Please help, for everytime im helped i shall help someone else in return.

Thank You


----------



## koala (Mar 27, 2005)

The pak files for Crysis are over 3gb and sending them to you would break the copyright agreement. We can't help with illegal activities. Just buy the English version.


----------



## Zeroko (Feb 5, 2008)

i only want the language pack files, about 200mb or less. Whats this world come to where changing the spoken language on a game is illegal. Rip-Off. Well if anybody that wants to fight for justice just pm me or leave a message


----------



## Aus_Karlos (Mar 10, 2007)

If you look on the CD they should be there.
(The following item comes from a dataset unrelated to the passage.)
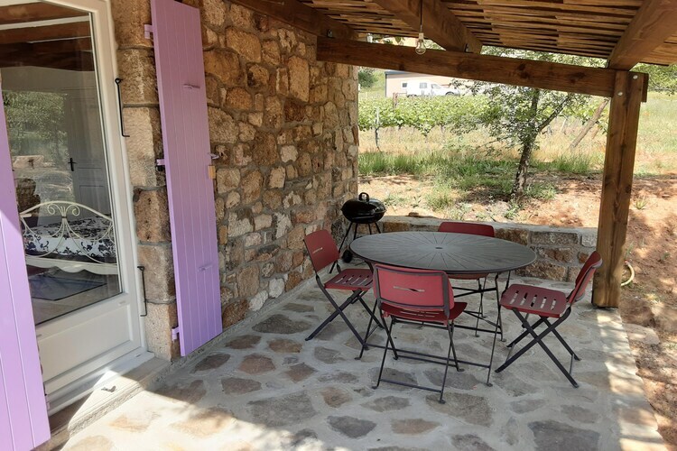 Quatre jolies maisons construites en pierre naturelle et situées sur un domaine de 15 hectares, entre vignes, oliviers et cerisiers, disposant chacune de leur espace privatif. Vous apprécierez l'environnement calme et pourrez vous détendre au bord de la piscine, commune aux quatre maisons. La petite maison en pierre est idéale pour deux personnes. L'intérieur propose une pièce à vivre aménagée en salon/chambre avec un coin cuisine, une salle d'eau et des toilettes séparées. La terrasse couverte avec un barbecue vous invite à déguster vos repas fraîchement préparés!
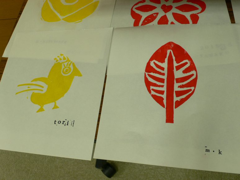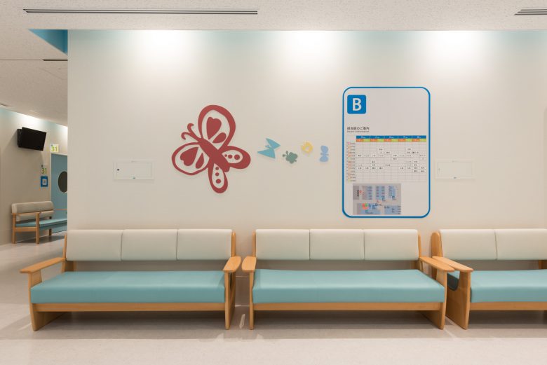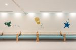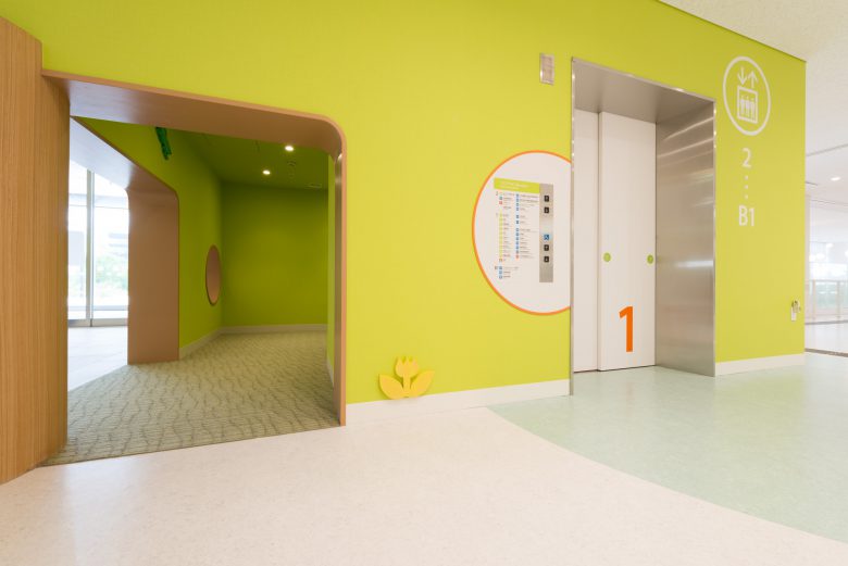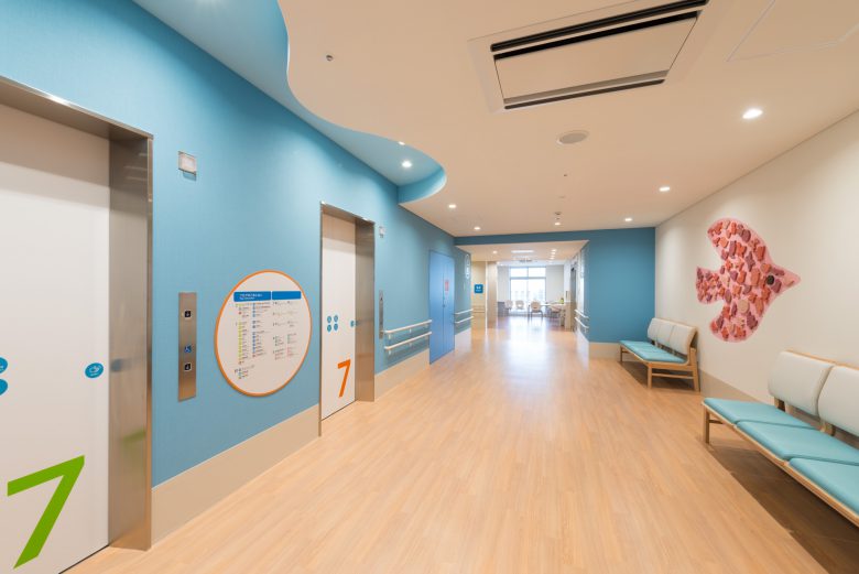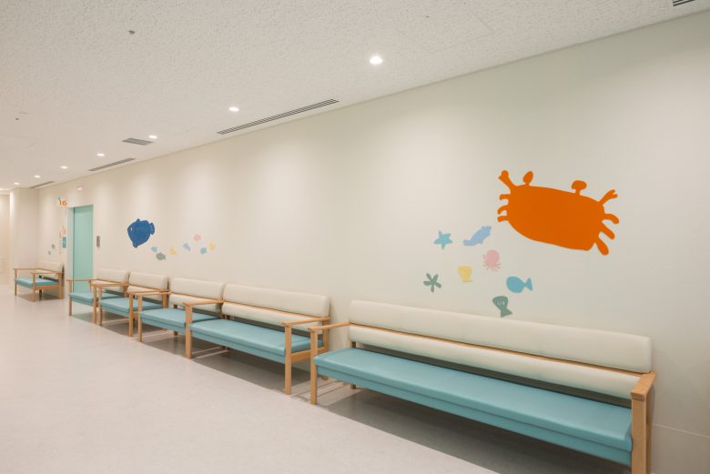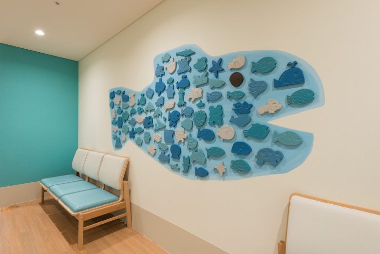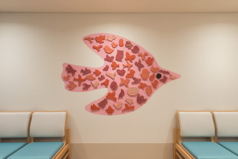 エレベーターホールには病院スタッフの皆様とワークショップでつくったハンコを用いて陶板を制作しました。

I have an Australian version but i have languages for France, Germany, English (Of course), Czech, Hungarian, Polish. 
English should be on almost all versions of Crysis as the game was made in English.
If you do have the English pak it will be located in the first directory of the CD (D:\)
It will be under English.CAB. Extract the files, english.lng and english.pak and place them in the crysis localized directory. 
Eg: C:\Program Files\Electronic Arts\Crytek\Crysis\Game\Localized
*If you do have English on the CD you wont have to copy anything as it will already be in the directory you will just have to do the step below*

EDIT: Almost forgot, in the Localized folder there will be a file named "Default.Ing", Open it with notpad delete anything in there and replace it this this.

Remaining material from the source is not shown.